Thursday, December 1

Today’s Fun IE6 Float Bug

I’m working on a bit of CSS where I’d like a div to take up only as much space as its contents require. Normally, this is trivial to do with the float property.

Unfortunately, in IE the div was still trying to take up 100% of the available space.

The problem was that the div had a few child divs with their height property set. This erroneously caused those divs to expand their width, which expanded the parent as well.

My solution was to switch from height to font-size and line-height to get the height I wanted in the child elements. To adapt this for Firefox I needed to put a single non-breaking space in each child div.

A Folksonomic Question

I was thinking more about my grumbling that someone tagged R.E.M. as “canadian” on Last.fm when a thought struck me:

Should I tag Dropkick Murphys as “irish”?

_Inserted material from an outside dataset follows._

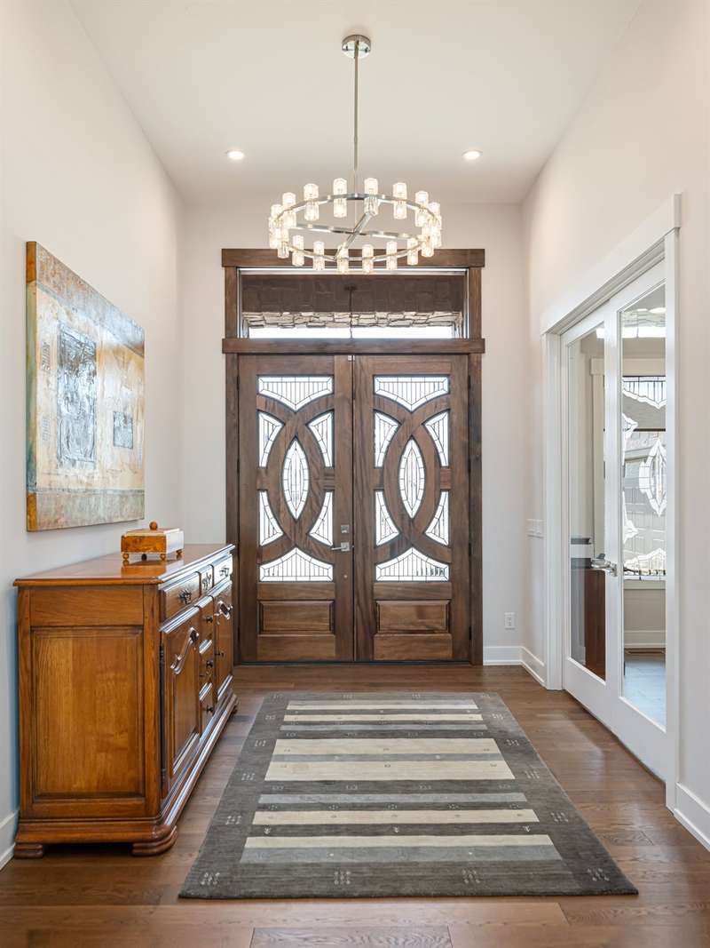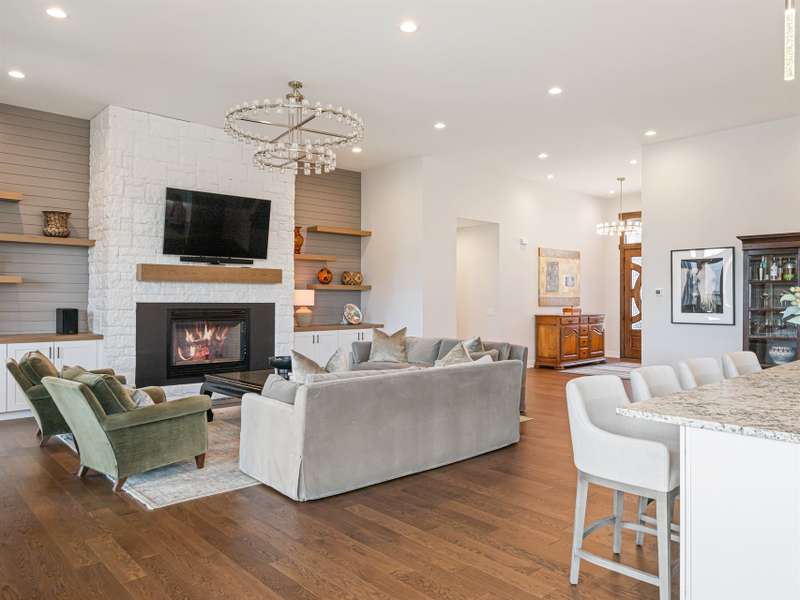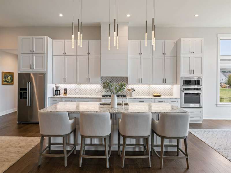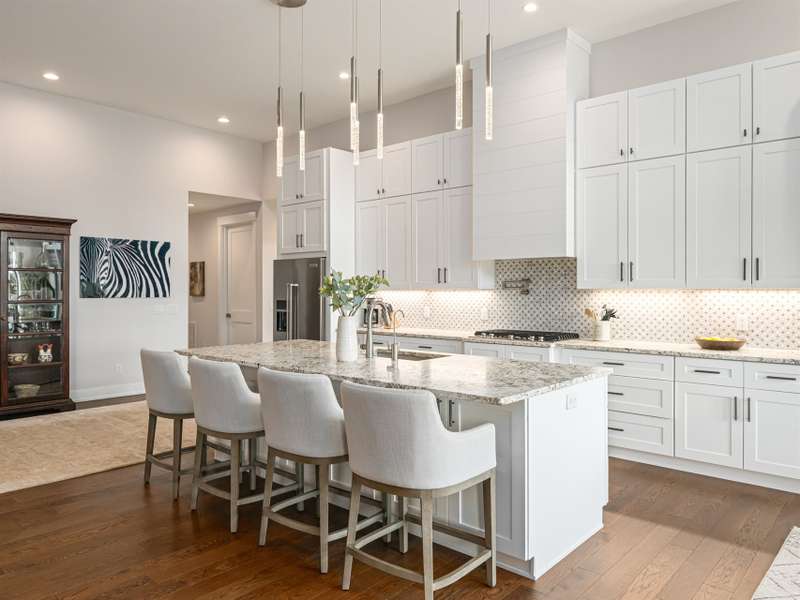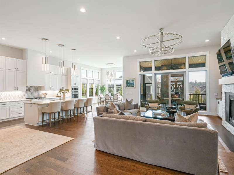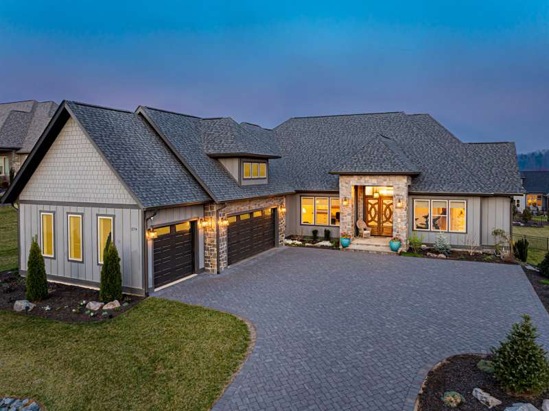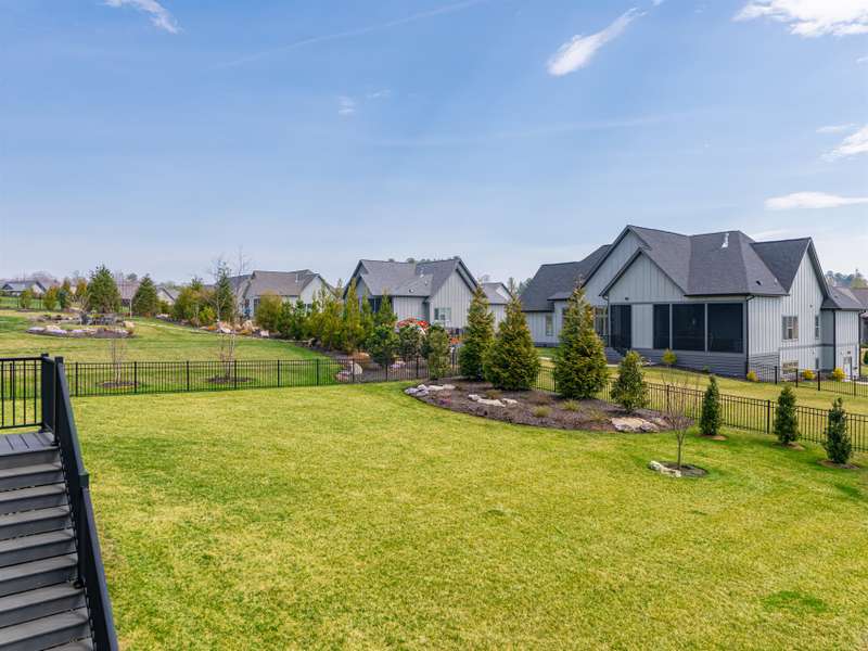Nestled amid thoughtfully designed and fenced landscaping, this exquisite home showcasesluxury and easy one-level living. Step inside to soaring vaulted ceilings, accentuated byRestoration Hardware lighting and an open-concept floor plan that seamlessly connects the spacious greatroom to a chef's kitchen, where honed granite countertops, premium KitchenAid appliances, and anisland create the perfect space for entertaining. Retreat to the fully screened porch complete with astacked stone fireplace, the perfect backdrop for creating lasting memories. The primary suite is a serenesanctuary, boasting dual walk-in closets and a lavish bath with an indulgent double-entrance shower anddeep soaking tub. Well-appointed guest suites provide exceptional comfort and privacy. French doors open to a large office with built in cabinetry. Designed fortoday's living, there's a whole-house generator and EV chargingstation in the 3 car garage, ensuring low-maintenance & modern comfort.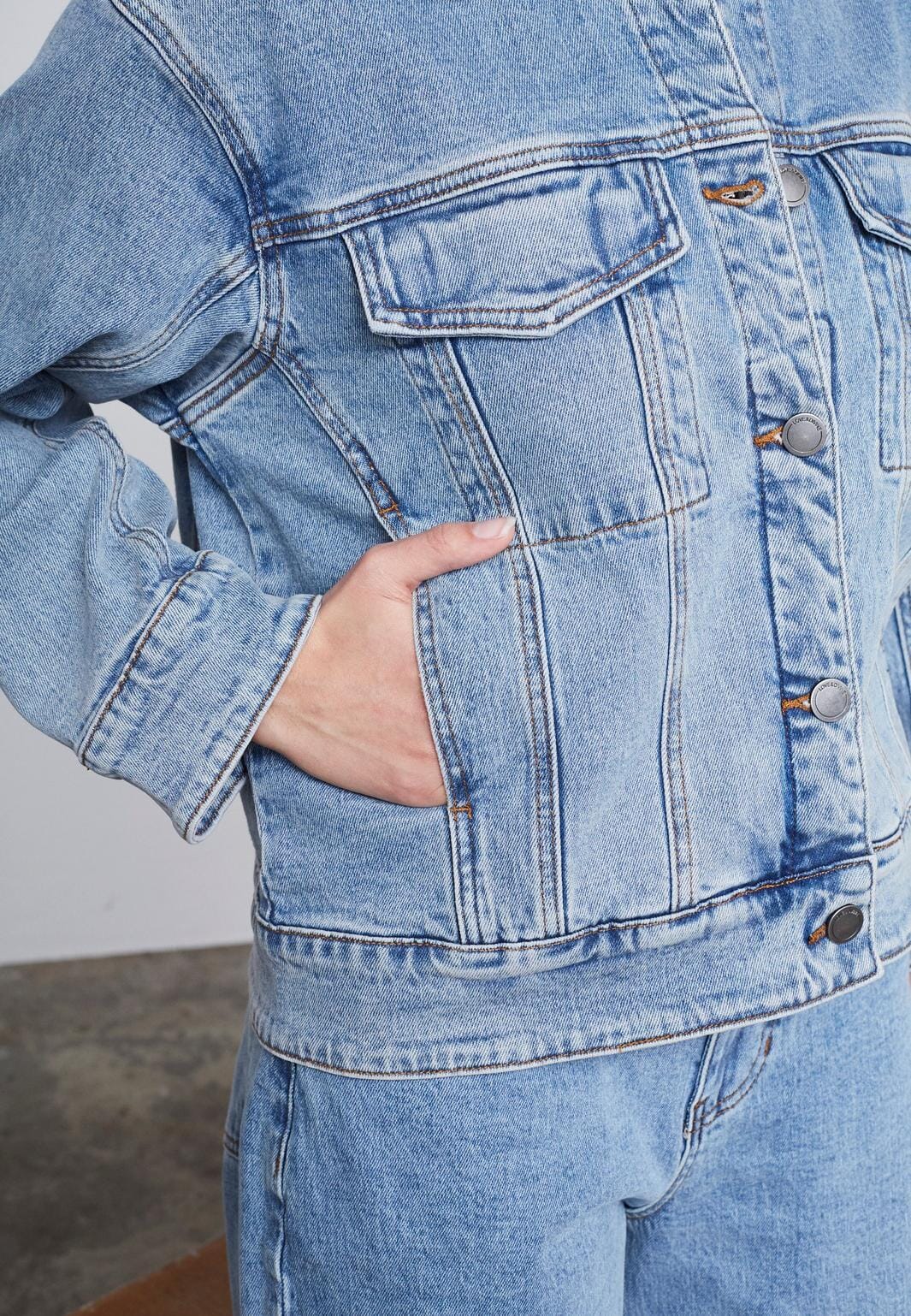 Lys denimjakke med skjortekrage og synlige sømmer. Den klassiske knappelukningen og de påsydd lommene gir jakken et autentisk denimuttrykk.

After all, they play Irish music (albeit in a punk style), so it seems like an accurate tag. But they’re not from Ireland. They’re from Boston.

Perhaps R.E.M. is just playing Canadian style music, and therefore it’s okay that they’re from Georgia? That seems wrong, but only because “canadian” isn’t really the name of a genre.

So is there a workable, consistent standard to go by here? Maybe tagging bands by the name of their country. So the Clancy Brothers get both “Ireland” and “irish,” while Dropkick gets “irish” (and maybe “Boston”), and I can get righteously pissed if someone tags R.E.M. with “Canada.”

Or is it just the nature of the game to deal with other people’s flawed tagging?